I have worked in a lot of different “industries”. I sold industrial gases. I was a product manager for hydrogen, for industrial tapes, and for ophthamological instruments. I had my own business creating custom window treatments. I sold rugs. I spent a few years learning about the world of children’s book publishing. I even spent about 2 weeks doing telemarketing for affinity credit cards. Obviously I was not cut out for that last job. What I learned in all these different jobs is that each industry has its own vocabulary, and its own standards.

This is no different in the world of craft. Just like any other industry, there are ways to learn. Part of it is learned on the job. Immersing your self into the actual work. Part of it is learned from others who have more experience. And part of it can be learned in classes, seminars, from books or magazines.

One of the advantages of the internet is the world of forums and mail list groups. You can have access to a wide range of knowledge and information. You can get the opinion of two or twenty-two different voices. Discussion groups can be a place with occasional emotional outbursts or catfights. But if you can tolerate some of that, you may also find a wealth of information from people who have already traveled the path you are looking to go down. I have learned many important lessons, or found valuable resources through these groups.
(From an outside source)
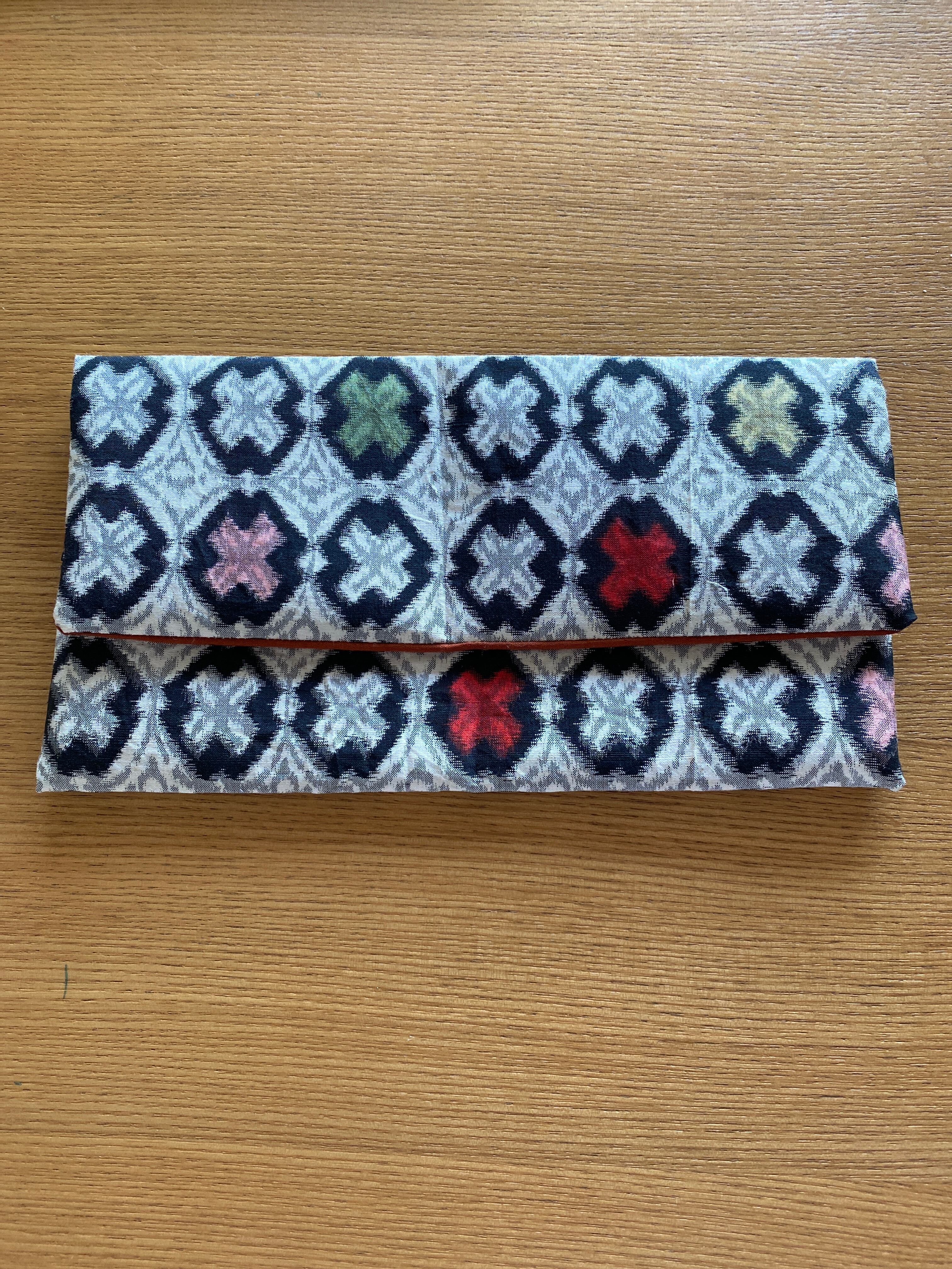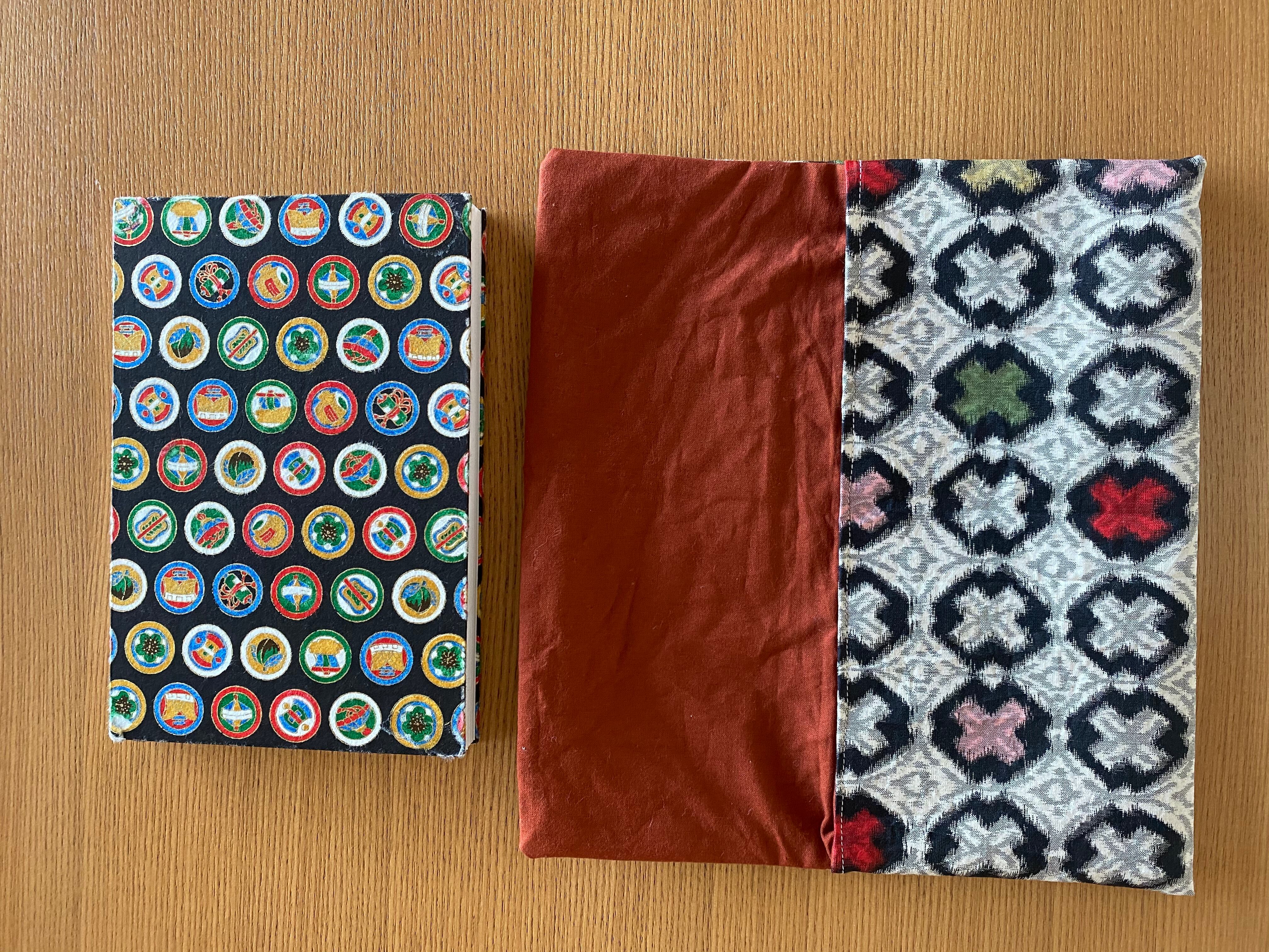 モダンな印象の銘仙生地からの手作り御朱印帳袋(御朱印帳ポーチ)です。

It helps to be able to ask questions. It is okay to not know everything right away. It is okay to give yourself time to respond if you don’t have an answer right away. Not knowing everything is the worst excuse to sit on the sidelines. You will never know everything. Ever. The world is forever changing. What was true five or ten years ago may no longer be true. This is especially true in the world of craft. Those with experience may be having an even harder time trying to figure out the shifting terrain of the world of craft, than those who are new and open to exploring options.

The internet has changed the game. 9/11 changed the terrain. Imports, Target, Pier One, and more are changing the market. DIY, HGTV are changing our customers. Esty, EBay, The Guild, and more are changing the way people buy. What used to be true, may no longer be so.

Who knows where the craft world will be in ten years. I know I will be there in some way. Will you? Or will you be ten years older, and still getting “ready”? How will you know when you are ready?